2. Historical Perspective and Rationale

Two streams of research, experimental and clinical, are at the origin of the increasing utilization of HSCT, autologous and allogeneic, for SADs. Somewhat unexpectedly, although the initial evidence was in favor of the allogeneic procedure, it was the autologous one that attained greater consensus and much greater utilization. The history of these earlier studies has been described in detail elsewhere [21]. It all started with animal experiments.

In memorable studies it was shown that the transfer of spleen cells or whole bone marrow cells from New Zealand Black (NZB; H-2d) mice to antilymphocyte globulin treated BALB-L, H-2d id irradiated mice was capable of reproducing the donors’ murine lupus [22, 23]. These original experiments have been considerably enlarged by recent studies by Smith-Berdan et al. [24], who obtained the reversal of murine lupus by nonmyeloablative transplantation of purified allogeneic HSC, a procedure which they advocated also for human SADs. Other studies demonstrated that the B lymphoid precursors from B/W F1 bone marrow (BM) cultures reproduced the disease in SCID mice [25]. In a series of consecutive experimental investigations Ikehara came to the conclusion that animal ADs were stem cell diseases [26, 27].
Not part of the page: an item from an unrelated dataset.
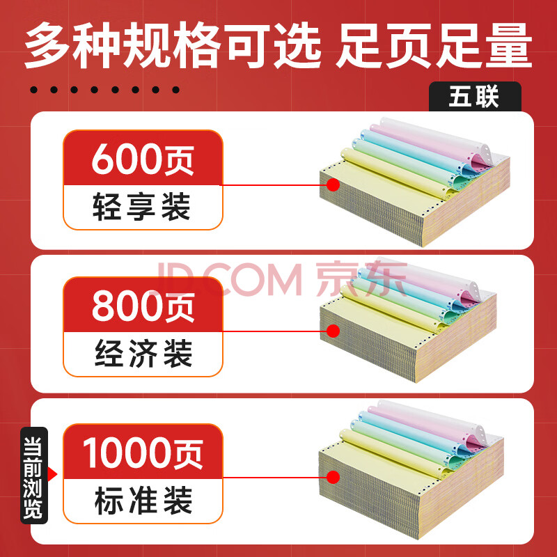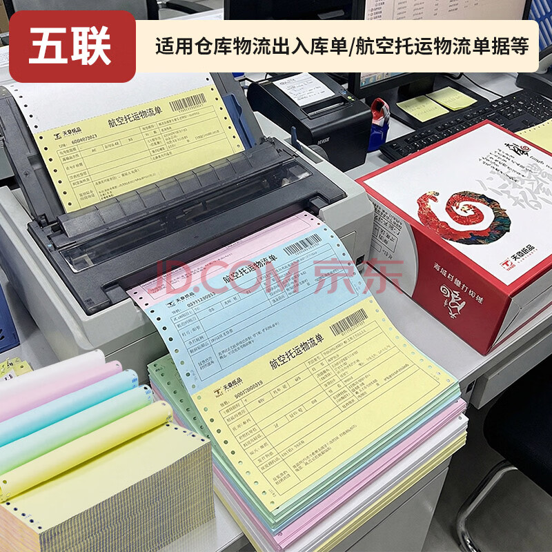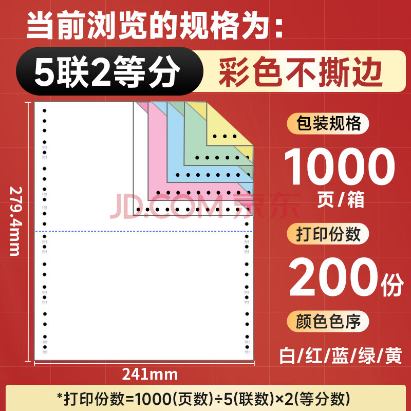 商品相册:天章 (TANGO)【缺页十倍赔】天章风五联二等分不撕边 针式电脑打印纸 送货清单1000页 241-5-1/2 (白红蓝绿黄)第

Allogeneic HSCT received a vigorous impulse also from the clinic. There is a series of reports of patients harboring an AD and having developed a hematological malignancy, who were cured of both diseases following an allogeneic HSCT. Such patients go under the definition of coincidental diseases, and a detailed review has been published [28]. These results were encouraging, but in other ones the AD persisted in spite of cure of the malignancy. Thus the initial enthusiasm for the allogeneic procedure has decreased considerably [29].

The apparent paradox of treating patients with ADs with autotransplantation, that is giving them back, with or without T cell depletion, their own HSC originated with the pioneering experimental investigations by van Bekkum and his group, who treated successfully experimental ADs, such as experimental autoimmune encephalitis (EAE: the experimental model of multiple sclerosis, MS) and adjuvant arthritis (AA: the experimental model of rheumatoid arthritis, RA) with first syngeneic and then autologous BM transplants [30]. However, these results were obtained in the induced rather than in the spontaneous animal ADs [26, 27]. These apparently paradoxical but encouraging results considerably strengthened the philosophy of auto-HSCT for human SADs, which has grown almost exponentially in the last 2 decades. Systemic lupus erythematosus (SLE) is widely considered as the paradigm of ADs and autologous HSCT for patients with severe refractory lupus disease was first proposed by myself in 1993 [31]. This proposal was soon after extended to all SADs [32] and updated guidelines have been published recently by Sullivan et al. [8].

3. Allogeneic Transplantation

Two important conferences have analyzed the possible indications for allo-HSCT in ADs [33, 34]. In the Position Paper of 2005 [34] the potential results and the attending risks of allo-HSCT for SADs have been discussed in detail. The capability of a 1-time delivery of a curative therapeutic strategy was considered as “appealing.” A comprehensive recent review of clinical results has been published by Gratwohl [35]. However the number of SLE patients having undergone allo-HSCT is minimal and reference must be made to the greater experience in SADs in general.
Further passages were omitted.